Я пошел вперед, пиная ногами камни, шелестя ветвями деревьев, чтобы привлечь внимание преследователей. А потом припустился бежать. Но не по дороге. Устроив соревнование в беге с препятствиями, я, пренебрегая дорогой, несся напрямик, перемахивая через могильные плиты. К счастью, в такую погоду можно было не опасаться вспугнуть какую-нибудь парочку, устроившую на кладбище тайное свидание. Дождь прошел, и месяц, проглядывавший сквозь разрывы среди туч, освещал мокрые могильные плиты. В туфлях для прыжков с ходу перемахнуть через них ничего не стоило, а в простых ботинках нужно сперва вскочить на плиту, потом спрыгнуть с нее. Одно это уже давало преимущество во времени. Вдобавок могильные плиты были расположены в шахматном порядке, а не параллельно друг другу, и тропинка петляла между ними, выписывая причудливые арабески. Планировщику кладбища, как видно, претила мысль о дружеском общении покойников. Но в затруднительном положении оказались не только покойники – моим преследователям, перебравшись через очередную плиту, всякий раз приходилось определять, к какой могиле нужно бежать, чтобы продолжить движение по прямой. Когда расстояние между нами достаточно увеличится, они потеряют представление, куда бежать, рассыплются в разные стороны и, гоняясь друг за другом, в конце концов потеряют меня из виду.

Размеренно дыша, напружинив мышцы, я бежал плавно и быстро. Скоро топот пяти человек, потерявших ориентировку, должен остаться там, далеко позади. Но как ни странно, все пятеро неотступно, словно повторенная пятикратно моя тень, следовали за мной. Может быть, мне это кажется, подумал я и побежал быстрее. Топот сзади ускорился. Я свернул в сторону. В ту же секунду изменил направление и топот. Наверно, эти юнцы тоже достали туфли для прыжков. Кому-то из моих сослуживцев удалось продать их. Обскакали меня, подлецы. А может, они сами заказали их. Но сбытом туфель занимаюсь я, и лучше бы провести эту сделку через меня. Мне бы достались и комиссионные, и все заслуги в области сбыта.

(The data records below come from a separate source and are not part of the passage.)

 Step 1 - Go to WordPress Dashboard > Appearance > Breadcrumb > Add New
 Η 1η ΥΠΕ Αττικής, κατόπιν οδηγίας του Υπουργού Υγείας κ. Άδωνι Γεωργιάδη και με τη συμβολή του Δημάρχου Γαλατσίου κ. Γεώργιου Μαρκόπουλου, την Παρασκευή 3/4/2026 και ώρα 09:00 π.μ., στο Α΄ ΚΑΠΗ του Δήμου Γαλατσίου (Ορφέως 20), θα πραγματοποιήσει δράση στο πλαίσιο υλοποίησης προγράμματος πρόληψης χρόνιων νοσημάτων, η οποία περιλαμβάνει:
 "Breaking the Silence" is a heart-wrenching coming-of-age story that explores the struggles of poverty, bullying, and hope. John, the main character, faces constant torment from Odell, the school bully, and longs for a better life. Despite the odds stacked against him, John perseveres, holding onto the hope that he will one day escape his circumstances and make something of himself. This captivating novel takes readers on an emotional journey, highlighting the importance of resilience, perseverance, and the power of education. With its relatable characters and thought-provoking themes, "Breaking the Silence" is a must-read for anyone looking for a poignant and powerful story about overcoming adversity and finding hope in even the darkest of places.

Я начал задыхаться. Юнцы, кажется, догадались о моих намерениях и, рассыпавшись в цепь, прибегли к тактике охоты на зайца. Стоило мне изменить направление, как появлялся новый преследователь. Но я был один против них, так что погоне рано или поздно должен был наступить конец. Похоже, они не хотели схватить меня – эта игра в пятнашки будет, наверно, продолжаться, пока я не выдохнусь и не приведу их в свой тайник. Если же я не вернусь, что станется с девочкой из восьмой палаты? Доведенная до отчаяния моим предательством и страшными крысами, она будет громко плакать и звать на помощь. Это тоже на руку моим преследователям. Я оказался в западне.

Постой-постой, разве я не главный охранник с тремя нашивками? Нравится им или нет, но я их прямой начальник. Не знаю, что приказала им секретарша, но именно сейчас было бы неплохо продемонстрировать свою власть. Даже если это мне не удастся, я ничего не теряю.

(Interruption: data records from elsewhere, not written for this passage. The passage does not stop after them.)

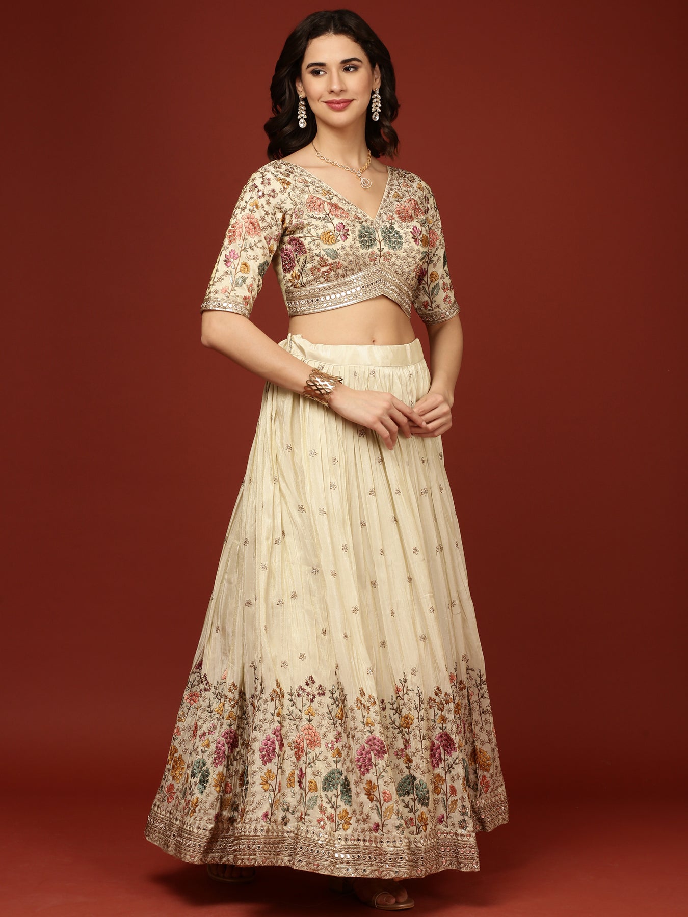 Elevate your traditional wardrobe with this Beige Silk Ghagra Set adorned with delicate floral motifs. Crafted from luxurious silk, it offers a graceful drape and a refined sheen, perfect for festive occasions or weddings. The subtle beige color combined with intricate floral detailing exudes timeless elegance, making it a versatile choice for those who appreciate classic sophistication. Comfortable yet stylish, this set promises to enhance your presence with understated charm.
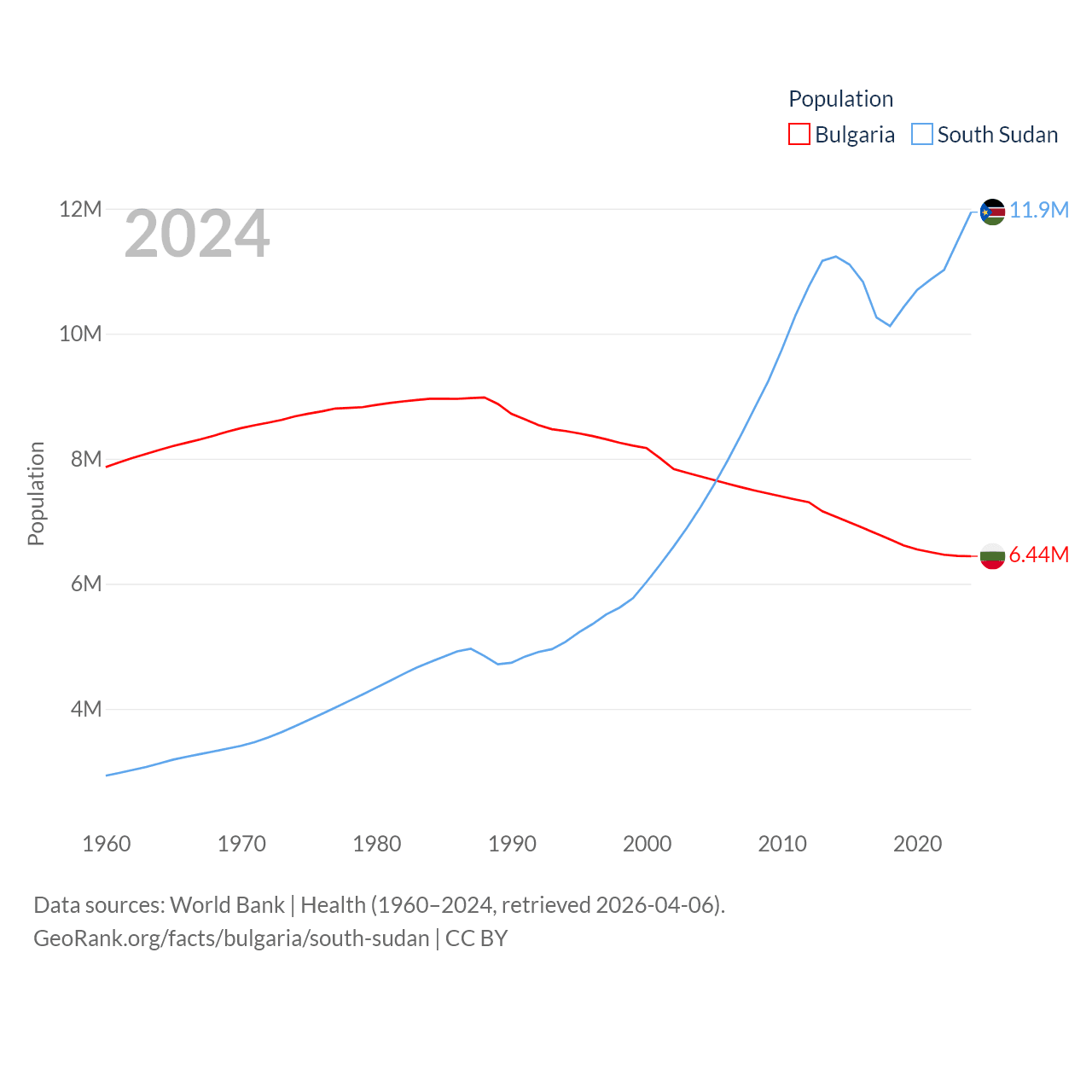 Bulgaria has a population of 6.44M (ranked 110/197), compared with 11.9M in South Sudan (ranked 81/197). Bulgaria's land area is 41,915 sq mi versus 243,990 sq mi for South Sudan (ranked 101st vs. 41st).
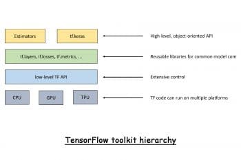 TensorFlow APIs are arranged hierarchically. The high-level API is object-oriented and called tf.keras. It is another API variant of the FOSS tool Keras, and can be used to train machine learning models to make predictions. The TensorFlow toolkit also contains reusable libraries that can be used for learning algorithms. The low-level API of TensorFlow is used by many machine learning researchers to create and explore new ML algorithms. With the help of the toolkit, it is possible to create machine learning algorithms that can run on the CPU, GPU and TPU.
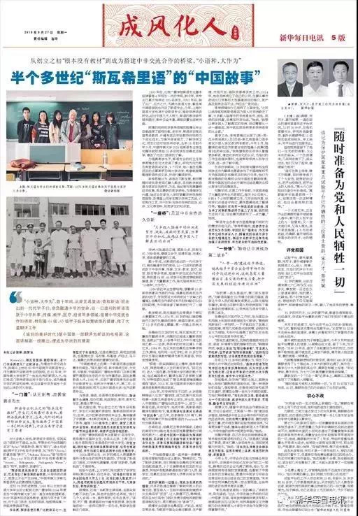 8月27日,《新华每日电讯》5版"成风化人"人物周刊报道了我校自1960年率先于全国开设的“斯瓦希里语”的“中国故事”

Вскочив на могильную плиту (звук, раздавшийся при этом, походил на звяканье колокольчика), я повернулся в их сторону и насколько мог громко скомандовал:

– Стой! Ни с места!

Повторять не пришлось. Возможно, то, что я возвышался над ними и кричал так громко, возымело свое действие. Преследователи превратились в неподвижные силуэты и растворились во тьме. Стал слышен стрекот цикад. Такое я испытал впервые, они, мне кажется, – тоже. Знай мой предшественник, как подавать команды, ему бы, возможно, удалось избежать смерти.

* * *

Я пересек ночную дорогу, обогнул больничный корпус и добрался до погребенных в густой траве развалин старого здания клиники. Слышен был лишь стрекот цикад. Убедившись, что меня не преследуют, я нырнул в канализационную трубу, наполовину заполненную водой, и вылез через дыру, оставшуюся от унитаза. Я продвигался вперед на ощупь по проходу, заваленному обломками стены, и дошел до металлической трубы, служившей мне ориентиром (она торчала из потолка, и, приложившись к ней ухом, я почему-то услышал шум дорожных работ), и только тогда зажег карманный фонарь.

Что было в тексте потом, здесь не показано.